Fluid resuscitation is of paramount importance during the initial care of the burned child. During the initial phase of resuscitation, adequate vascular access must be obtained. While preferable to not use a site that is burned, sometimes very large burn areas preclude this, and observational evidence shows that intravenous catheters may be placed through burned skin.[33] Central venous access may be necessary in select cases and does appear to be safe in children with burn injury.[34] The overall objective of resuscitation is to replace fluid losses and restore euvolemia, while avoiding the detrimental effects of fluid overload.

The fluid requirements may be calculated using several different formulae, all of which achieve good results.

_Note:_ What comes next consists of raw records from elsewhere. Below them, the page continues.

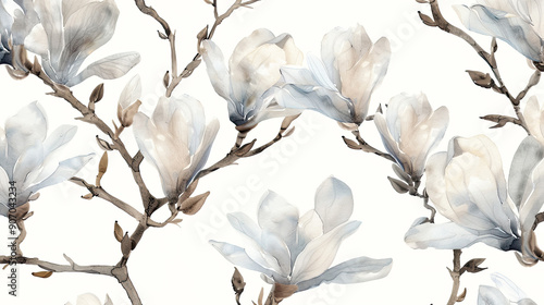 Watercolor vintage magnolia patterns in dry brush style, expressive and bold lines, clean white background
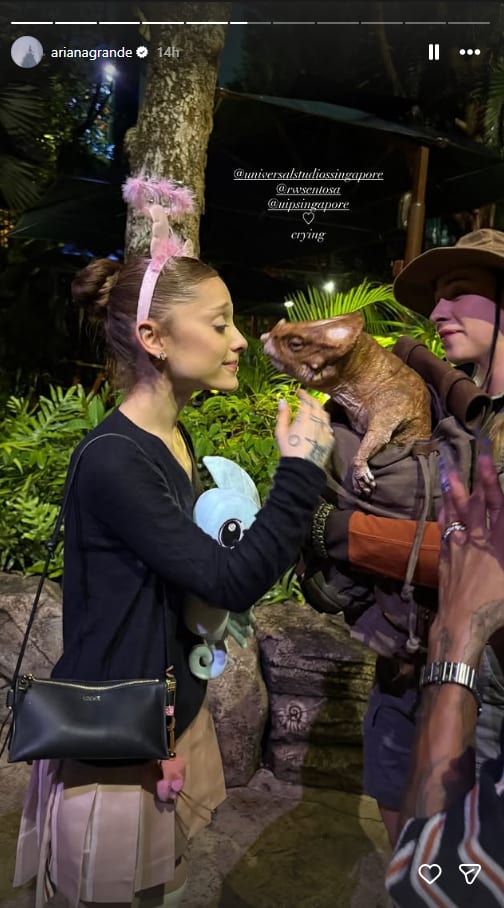 In one clip taken at The Lost World zone, Grande, who plays Glinda, got up close with an animatronic baby dinosaur, captioning the video "crying". The tender moment was immediately broken when the baby dinosaur made a noise and Grande nearly fell backwards in shock.
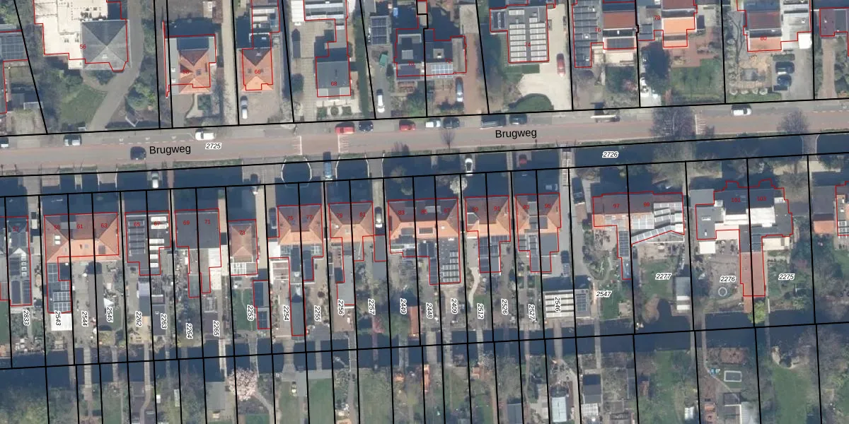 Brugweg 85 is gelegen op kadastraal perceel WDV01G2448. Deze kadastrale aanduiding is uniek en wordt gebruikt door het Kadaster om eigendomsrechten en andere zakelijke rechten vast te leggen. Het perceel maakt onderdeel uit van de kadastrale gemeente Waddinxveen.
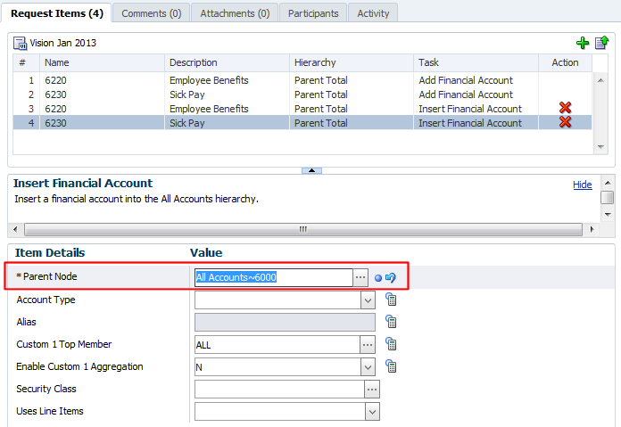 The default value for the Allow Posting and Allow Budgeting properties is True. Keep these values as True for the first request item (6220). For the second item (6230), set the Allow Budgeting property to False. The values of these properties will control which workflow stages the request must go through in order to be committed to the version.
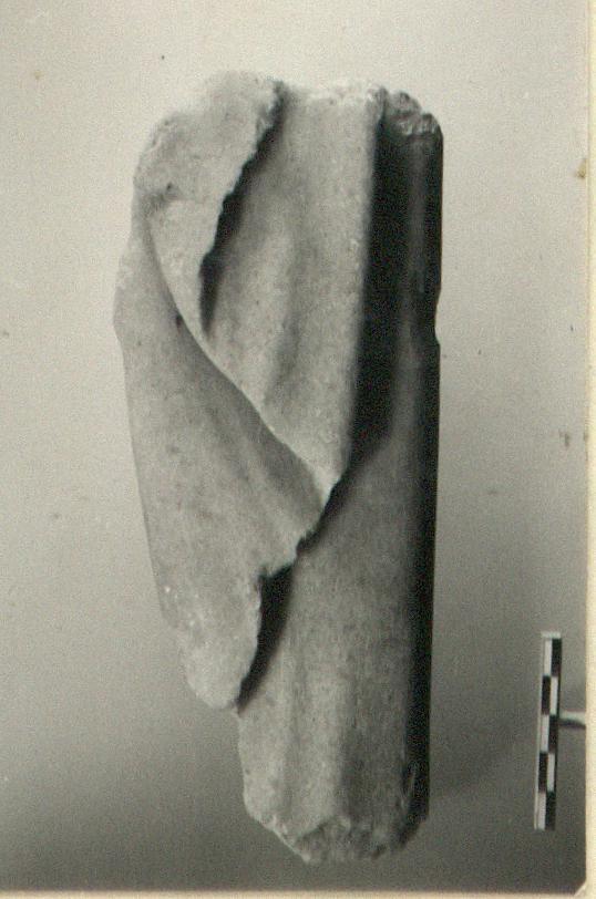 | Description: | Broken above, below and behind. Part of hanging edge of himation with zigzag folds, perhaps from a Kore. Parian marble. | |

The Parkland formula provides a simple and easily remembered basis for resuscitation (4 mL Ringer's lactate (RL)/kg/percent BSA burned; one-half to be given during the first 8 h after injury and the rest in the next 16 h). The type of fluid administered is generally an isotonic crystalloid, with the recommendation for the addition of dextrose to children under 20 kg to prevent the development of hypoglycemia.[35] While some experts have recommended the use of colloid early in resuscitation,[36] large reviews have not demonstrated a survival benefit.[37] The Parkland formula has been observed to underestimate resuscitation volumes in children,[38] especially in the presence of inhalational injury.[39] Thus, it is critical to monitor the endpoints of fluid resuscitation including hemodynamics, urine output-with a goal of maintenance of 1–2 mL/kg/h for children <30 kg and 0.5–1 mL/kg/h for those ≥30 kg,[40] mental status, lactate levels, and base deficit.

BURN WOUND MANAGEMENT

After stabilization of the critical care issues in the burn-injured child, attention is directed toward burn wound management. The key elements of conservative burn wound management include cleansing, debridement, topical antimicrobial agents, and dressing changes of the burned areas. Superficial burns with an intact epidermis do not require specific treatment with antimicrobial agents or dressing changes.[41] For patients with deeper burns, there is no consensus on which combination of topical agents and dressings provides the best wound coverage and infection control.[42]

Cleansing allows better inspection of the wound surface, and debridement removes devitalized and necrotic tissue from the burn wound. Burn wounds are initially gently cleansed mild soap and water, and debridement is performed using gentle mechanical techniques, such as brushing or scraping. In addition, a number of proteolytic enzymes have been used to aid debridement,[43] although they should not be used if infection is suspected. The use of topical antimicrobial agents has reduced the incidence of invasive wound infections,[44] although a specific agent has not been shown to be superior.[42] Lastly, regular dressing changes and aggressive wound care are instrumental toward recovery, as it protects the wound from further infection, provides comfort, and promotes healing, although no trial has been performed to address the optimal frequency of dressing changes. It should be noted that a variety of dressings exist including standard fine mesh gauze, hydrocolloid, silver-containing dressings, biosynthetic, and biologic dressings. While each has particular theoretical advantages,[45] there is no clear evidence on which dressing provides the best coverage; thus, the choice can be made based on cost, availability, frequency of dressing changes (i.e. dressing which minimizes amount of changes may be more suitable for children), and institutional familiarity.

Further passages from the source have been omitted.